Wednesday, June 24, 2009

Reality Show Idea - Tell Me You're NOT Watching This

I work in a manufacturing company like most loyal readers are more than aware. And not a week goes by that I am not accused of not doing work by the production workers. To them, hard labor is work, and sitting behind a desk not only doesn't qualify for work, it would be nothing short of their idea of heaven. And if not for dumb luck, the roles would be reversed.

Let's reserve them.

Picture it! We'd call it, "Try to Do My Job." You take the ten most senior people in manufacturing and switch them out for the supervisors, production manager, HR, accounting, sales, marketing, the CFO, the CEO, and engineering. The people in those positions would have to work in the production environment. The selection of who's doing what job should be decided among the teams, and that should be an episode in and of itself.

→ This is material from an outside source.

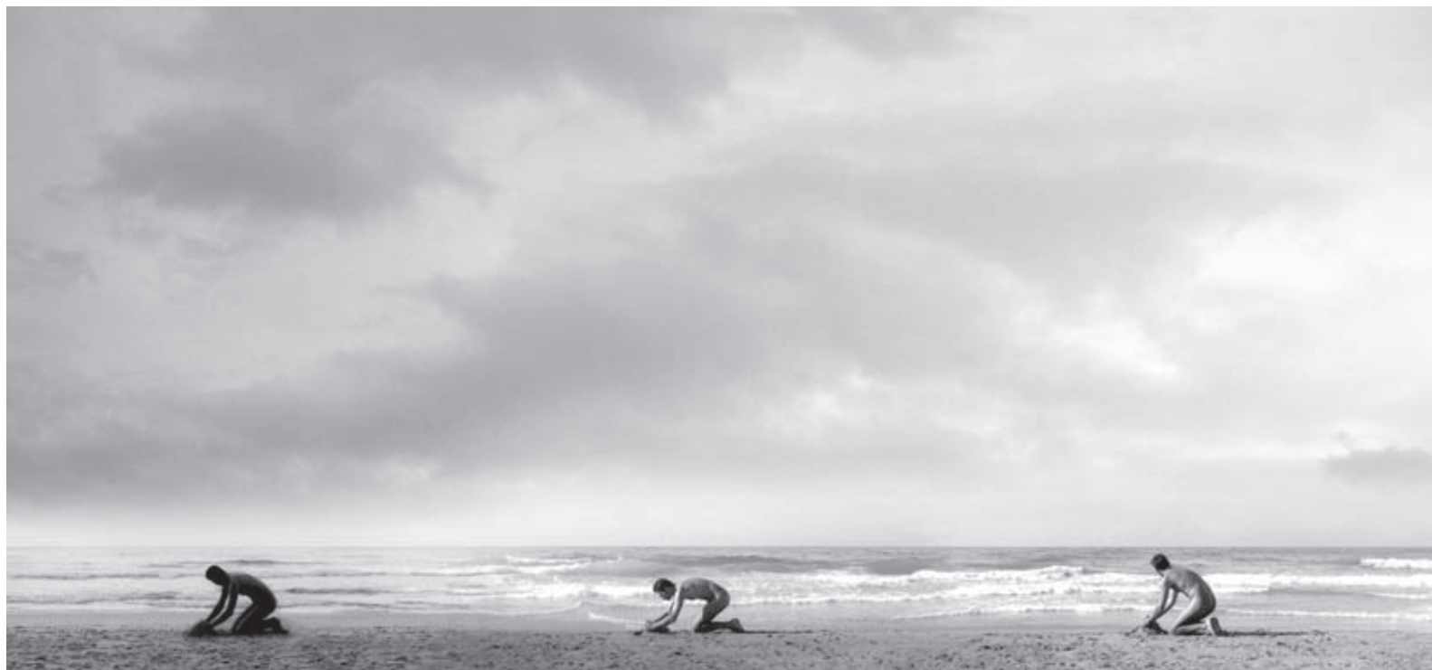
Ver. Lambda Proláser. Barcelona, 2005. 15 x 100 cm.

Yes, the wages would also flip.

Who's not watching the new supervisors, production managers, and HR people violate laws and set rules that destroy the company. Who's not watching people who generally do NOT get there hands dirty get their hands dirty. Who's not watching the random raises given, the firings, the promotions, the dirty hands, the sweating and the toil of white-collar people earning blue collar wages.

This would happen for a month. If a decision is truly damning (like closing or selling a company), then the CEO would intervene. If someone was fired, then they still get paid for the duration of the show (but they can't perform work), and the company is forced to live without someone in that position. Hiring people can only be undone after the month too.

Other fun things that would happen: the re-hiring of well-liked-but-useless employees. The firing of the guy that the production workers uniformly hate. The moment the production guys realize they are in over their head (specifically when they get sued for firing the HR person). The moment the CEO collapses of exhaustion. The moment one of the office people decided, "F*ck it!", and outworks the average employee 2-to-1.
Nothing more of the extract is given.